1

I was looking for a server side way of converting the doc file into docx or pdf format using the python programming language without the use of win32.client, comtypes and API. Iam using it on Azure cloud services. So if there is any other way please help!

S.R Rahul
  • 23
  • 5

2 Answers2

2

There are few approaches:

  • with unoconv: unoconv -d document --format=docx test.doc
  • with lowriter: lowriter --convert-to docx test.doc
  • with soffice: soffice --headless --convert-to docx test.doc
  • with libreoffice: libreoffice --convert-to docx test.doc

You can run these command directly from your terminal but if you want you can integrated them into python as described here:

#!/usr/bin/env python

import glob
import subprocess

for doc in glob.iglob("*.doc"):
    subprocess.call(['soffice', '--headless', '--convert-to', 'docx', doc])

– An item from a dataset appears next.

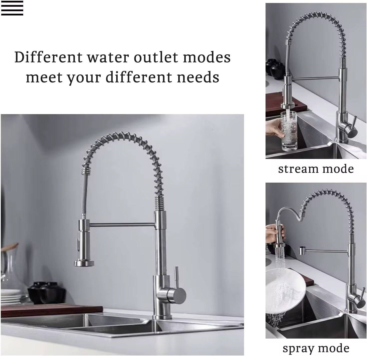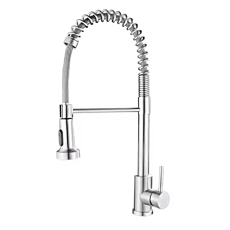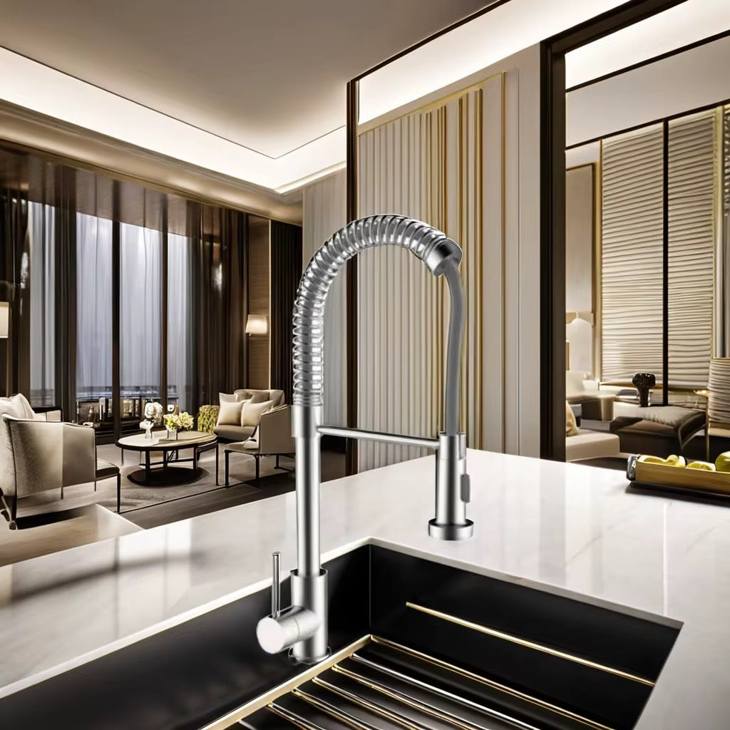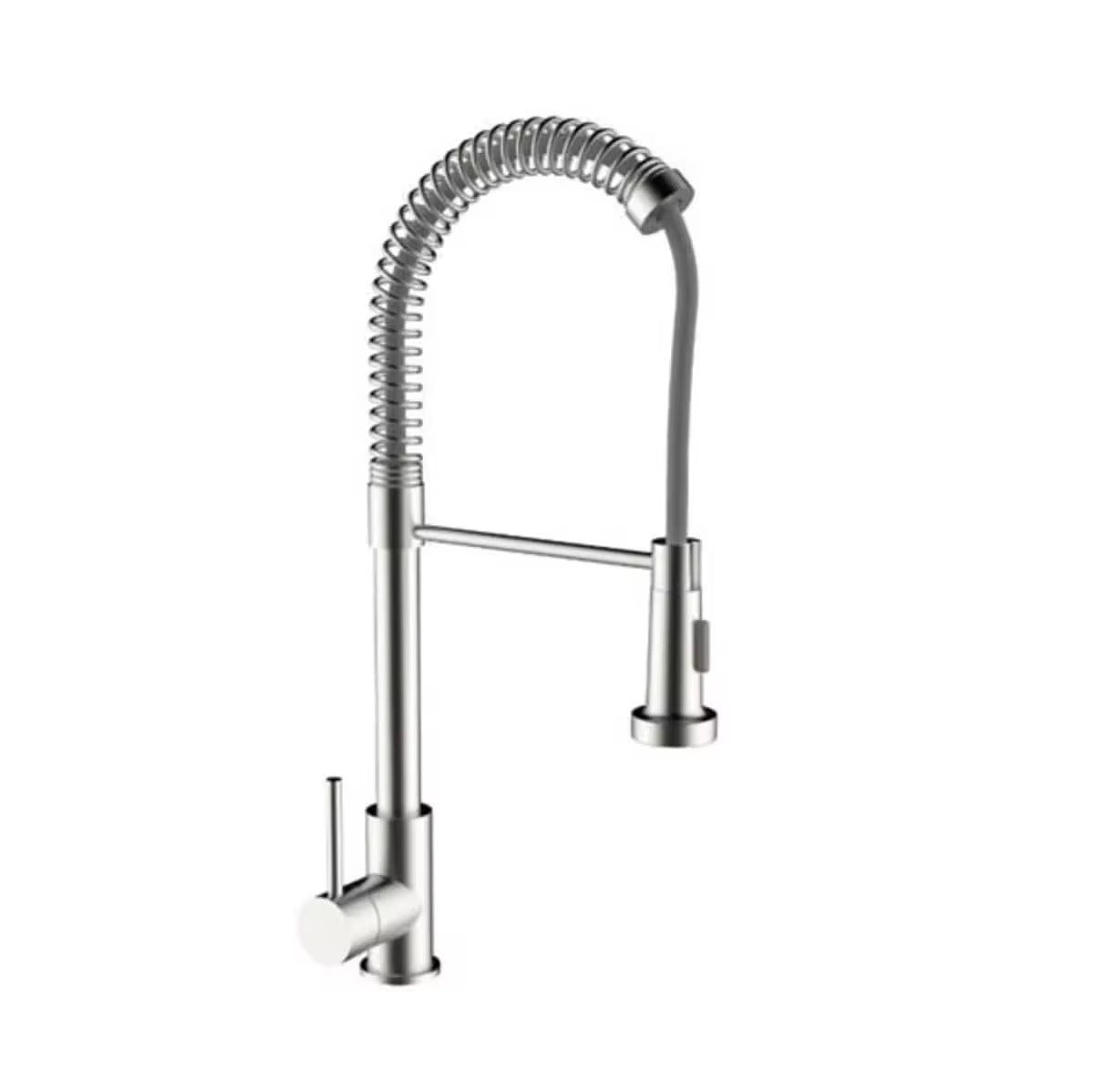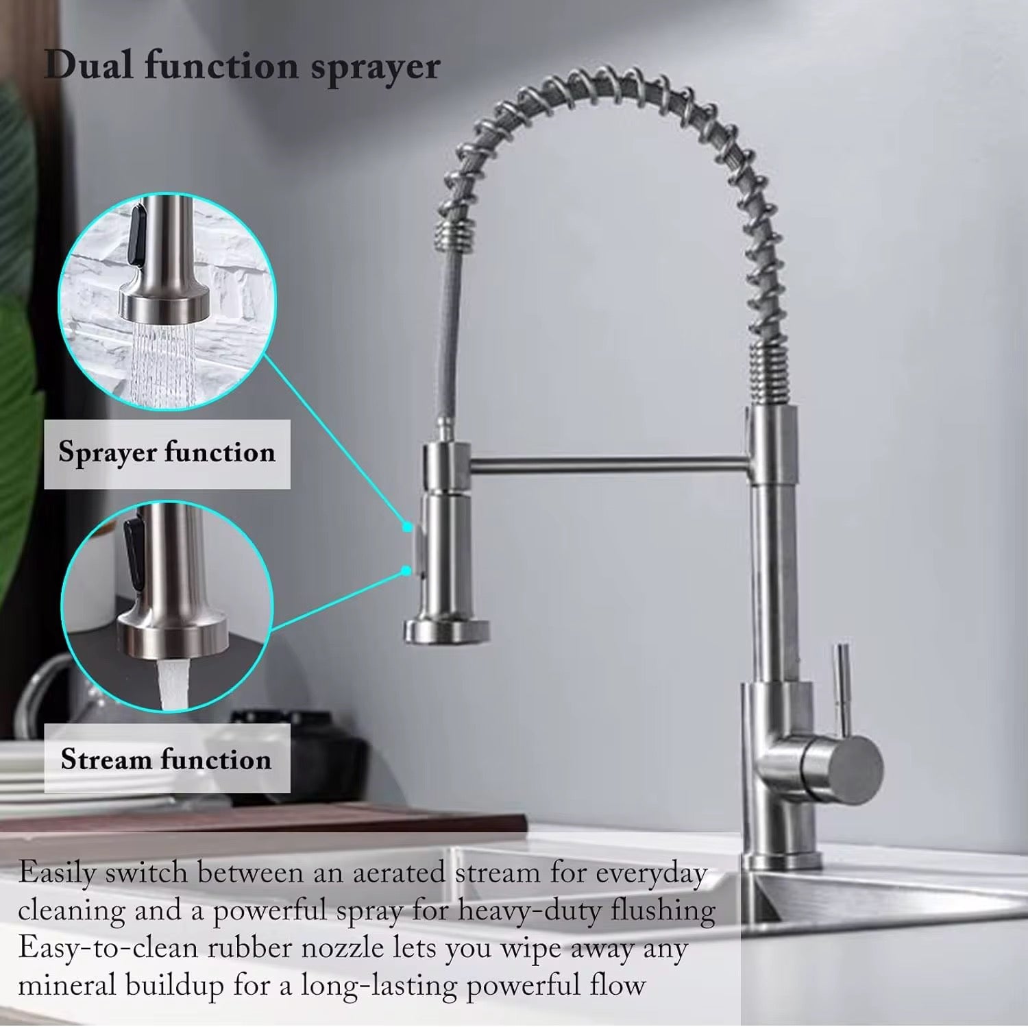 Upgrade your kitchen with this commercial-grade dual-function faucet designed for both residential and professional use. With a sleek brushed nickel finish and industrial-style spring design, it adds modern sophistication to any space. The dual-mode sprayer toggles between a steady stream and powerful spray to meet all your kitchen needs – from rinsing veggies to blasting away tough food debris.

In the example I'm using soffice but you can now substitute unoconv, lowriter or libreoffice.

Francesco Mantovani
  • 10,216
  • 13
  • 73
  • 113
-1

Need LibreOffice

    import os
    import tempfile
    
    def doc2docx(content):
        """ Convert .doc to .docx with LibreOffice """
        with tempfile.TemporaryDirectory() as tmpdirname:
            filename = os.path.join(tmpdirname, 'filename.doc')
            with open(filename, 'wb') as doc:
                doc.write(content)
                os.system(f'soffice --headless --convert-to docx { filename } --outdir { tmpdirname }')
            filename += 'x'
            with open(filename, 'rb') as docx:
                content = docx.read()
        return content
    
    with open('test.doc', 'rb') as f:
        content = f.read()
    content = doc2docx(content)

xmduhan
  • 965
  • 12
  • 14